**Work to complete:** Could you transcribe every entry below exactly, leaving out the pictures?

Available data START

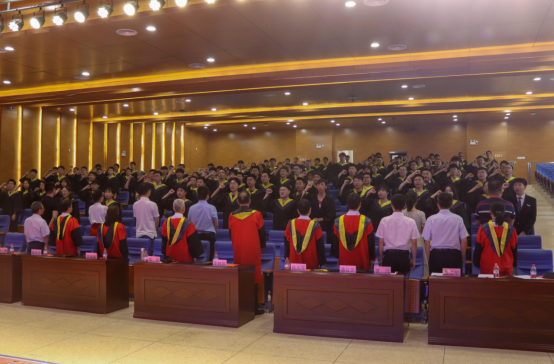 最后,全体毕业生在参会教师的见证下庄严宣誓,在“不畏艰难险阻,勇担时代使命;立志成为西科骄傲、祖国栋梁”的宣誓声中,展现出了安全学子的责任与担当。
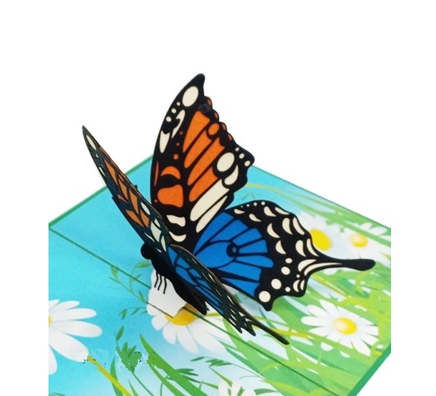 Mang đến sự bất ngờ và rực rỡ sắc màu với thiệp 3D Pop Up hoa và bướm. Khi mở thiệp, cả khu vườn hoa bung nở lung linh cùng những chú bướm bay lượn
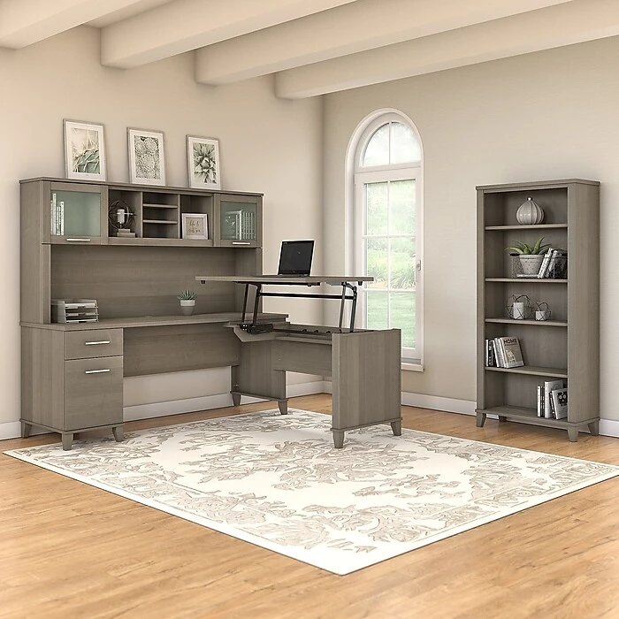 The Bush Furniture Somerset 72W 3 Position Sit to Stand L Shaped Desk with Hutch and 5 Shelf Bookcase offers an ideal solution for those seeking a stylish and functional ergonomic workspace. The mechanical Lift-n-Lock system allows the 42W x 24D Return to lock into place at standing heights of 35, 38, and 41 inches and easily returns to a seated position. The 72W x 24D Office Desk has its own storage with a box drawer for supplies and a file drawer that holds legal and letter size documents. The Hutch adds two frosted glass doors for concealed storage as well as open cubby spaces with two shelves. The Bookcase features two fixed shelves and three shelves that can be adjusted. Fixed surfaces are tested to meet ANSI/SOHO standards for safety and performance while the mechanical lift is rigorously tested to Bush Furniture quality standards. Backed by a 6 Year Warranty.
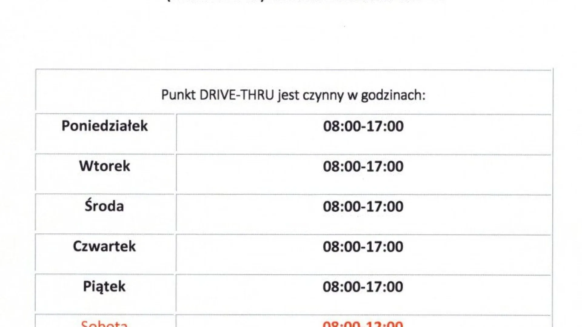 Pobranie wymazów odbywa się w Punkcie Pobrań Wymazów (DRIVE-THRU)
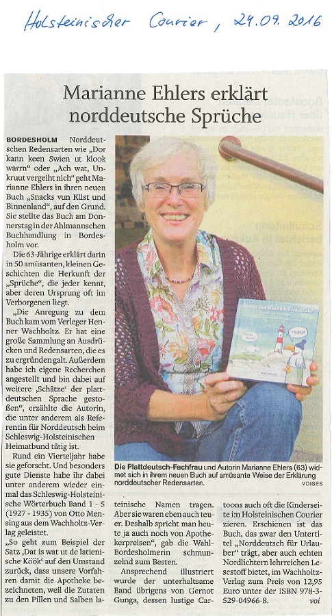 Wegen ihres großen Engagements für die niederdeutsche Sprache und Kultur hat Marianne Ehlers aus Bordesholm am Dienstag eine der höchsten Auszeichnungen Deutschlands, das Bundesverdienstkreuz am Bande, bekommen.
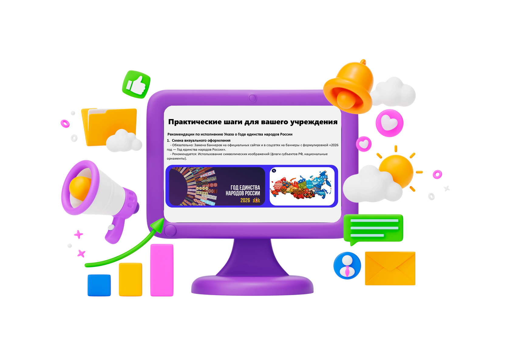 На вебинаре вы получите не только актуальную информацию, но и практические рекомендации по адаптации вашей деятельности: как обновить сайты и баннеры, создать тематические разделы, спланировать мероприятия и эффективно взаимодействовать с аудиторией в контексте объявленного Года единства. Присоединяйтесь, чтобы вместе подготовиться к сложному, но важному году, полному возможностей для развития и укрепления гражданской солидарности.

Available data END

**Finished task:**
 最后,全体毕业生在参会教师的见证下庄严宣誓,在“不畏艰难险阻,勇担时代使命;立志成为西科骄傲、祖国栋梁”的宣誓声中,展现出了安全学子的责任与担当。
 Mang đến sự bất ngờ và rực rỡ sắc màu với thiệp 3D Pop Up hoa và bướm. Khi mở thiệp, cả khu vườn hoa bung nở lung linh cùng những chú bướm bay lượn
 The Bush Furniture Somerset 72W 3 Position Sit to Stand L Shaped Desk with Hutch and 5 Shelf Bookcase offers an ideal solution for those seeking a stylish and functional ergonomic workspace. The mechanical Lift-n-Lock system allows the 42W x 24D Return to lock into place at standing heights of 35, 38, and 41 inches and easily returns to a seated position. The 72W x 24D Office Desk has its own storage with a box drawer for supplies and a file drawer that holds legal and letter size documents. The Hutch adds two frosted glass doors for concealed storage as well as open cubby spaces with two shelves. The Bookcase features two fixed shelves and three shelves that can be adjusted. Fixed surfaces are tested to meet ANSI/SOHO standards for safety and performance while the mechanical lift is rigorously tested to Bush Furniture quality standards. Backed by a 6 Year Warranty.
 Pobranie wymazów odbywa się w Punkcie Pobrań Wymazów (DRIVE-THRU)
 Wegen ihres großen Engagements für die niederdeutsche Sprache und Kultur hat Marianne Ehlers aus Bordesholm am Dienstag eine der höchsten Auszeichnungen Deutschlands, das Bundesverdienstkreuz am Bande, bekommen.
 На вебинаре вы получите не только актуальную информацию, но и практические рекомендации по адаптации вашей деятельности: как обновить сайты и баннеры, создать тематические разделы, спланировать мероприятия и эффективно взаимодействовать с аудиторией в контексте объявленного Года единства. Присоединяйтесь, чтобы вместе подготовиться к сложному, но важному году, полному возможностей для развития и укрепления гражданской солидарности.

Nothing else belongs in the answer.